Curiosa è la storia del “Ritratto dell’imperatore Atana de Dinghel”, re dell’Abissinia dal 1508 fino al 1540, anno della sua morte. Con questo termine, di origine araba, si era soliti designare l’impero cristiano d’Etiopia, nel Corno d’Africa; dato che sotto l’impero axumita la regione si era convertita al cristianesimo. Sembra che il re etiope fosse famoso in tutta Europa con il nome di “Prete Gianni”, signore leggendario di un fantomatico regno cristiano in Oriente.

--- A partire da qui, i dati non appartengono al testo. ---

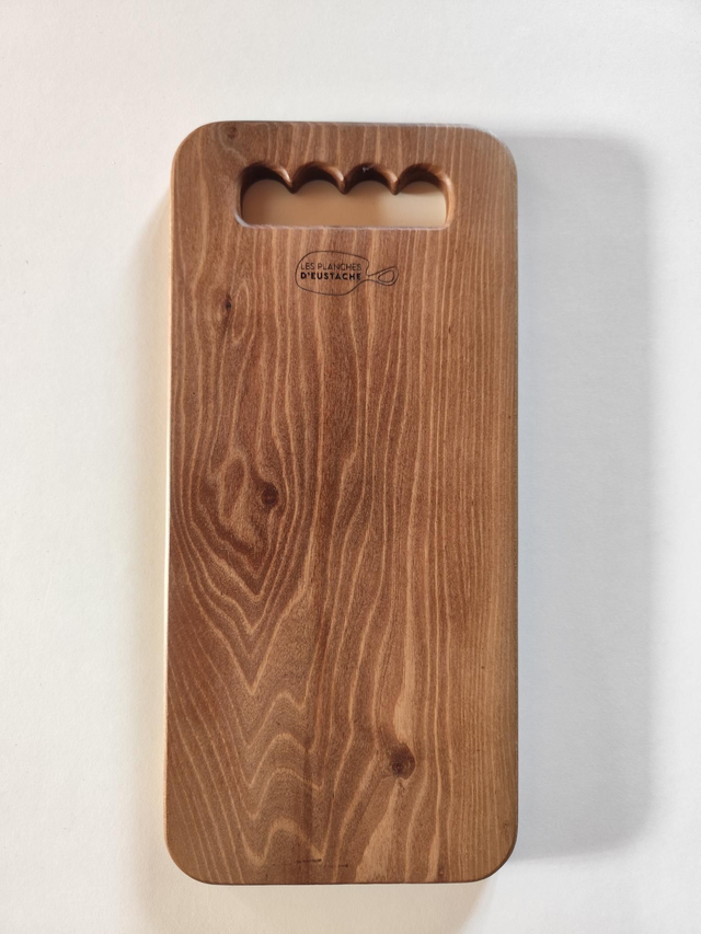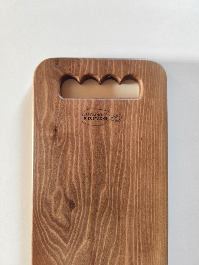 Planche à découper en noyer massif, fabriquée artisanalement à la main en Haute-Savoie. Bois noble aux teintes profondes et veinages élégants, poncé à la main, huilé à l’huile minérale alimentaire et ciré à la cire d’abeille naturelle.

A concludere la rassegna vi sono: il trio di popolani immortalato da Justus Suttermans nella “Madonna ‘Domenica delle Cascine’, la Cecca di Pratolino e Pietro Moro e il ritratto di Alchitrof, sempre di Cristofano dell’Altissimo. Quest’ultimo quadro apparteneva alla serie degli “Uomini illustri” realizzata per volontà di Cosimo I de’Medici, intorno al XVI secolo. Il soggetto del quadro sarebbe un altro re d’Etiopia, Alchitrof per l’appunto. Nel dipinto si può notare che l’artista ha ritratto il sovrano con abiti estremamente stravaganti, quasi a rimarcare l’esotica provenienza agli occhi degli spettatori europei. Questo dimostra anche di come nella pittura cinquecentesca, piuttosto che fare affidamento sui tratti somatici, si utilizzavano vestiti e gioielli come strumenti per catalogare la cultura dei diversi popoli.

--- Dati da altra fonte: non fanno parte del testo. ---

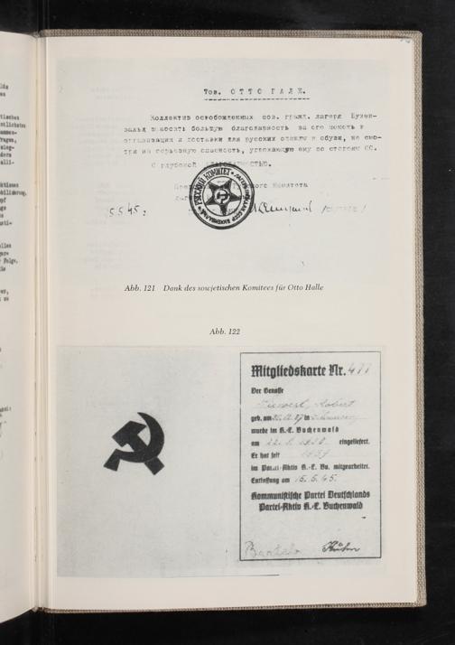 = F er CwOo- ktione lideruy pe 4@ ati» en hi is =. Abb. 121 Dank des sowjetischen Komitees für Otto Halle su Abb. 122 H I I) I) i Hl Mitgliedskarte Nr.» N F vi Ai Der Genoffe| H) geb. am... Fr ! wurde im A. Buhenwald am FL»... eingeliefert.|

Tuttavia, non si deve fare troppo affidamento sull’autenticità di quanto ritratto. molto spesso, specie nella pittura, venivano riutilizzati pregiudizi e luoghi comuni. Infatti, i vestiti di Alchitrof ricorda molto di più il materiale iconografico del Sudamerica, che non quello dell’Africa. Questo perché una certo grado di ignoranza spinse gli europei a confondere usi e costumi di africani e americani.
Un’iniziativa, quella degli Uffizi, che si inserisce perfettamente nel bisogno di approfondire la storia e la cultura nera, da secoli discriminata e avvolta in un’alone di mistero, e che ora chiede a gran voce di essere accettata e conosciuta.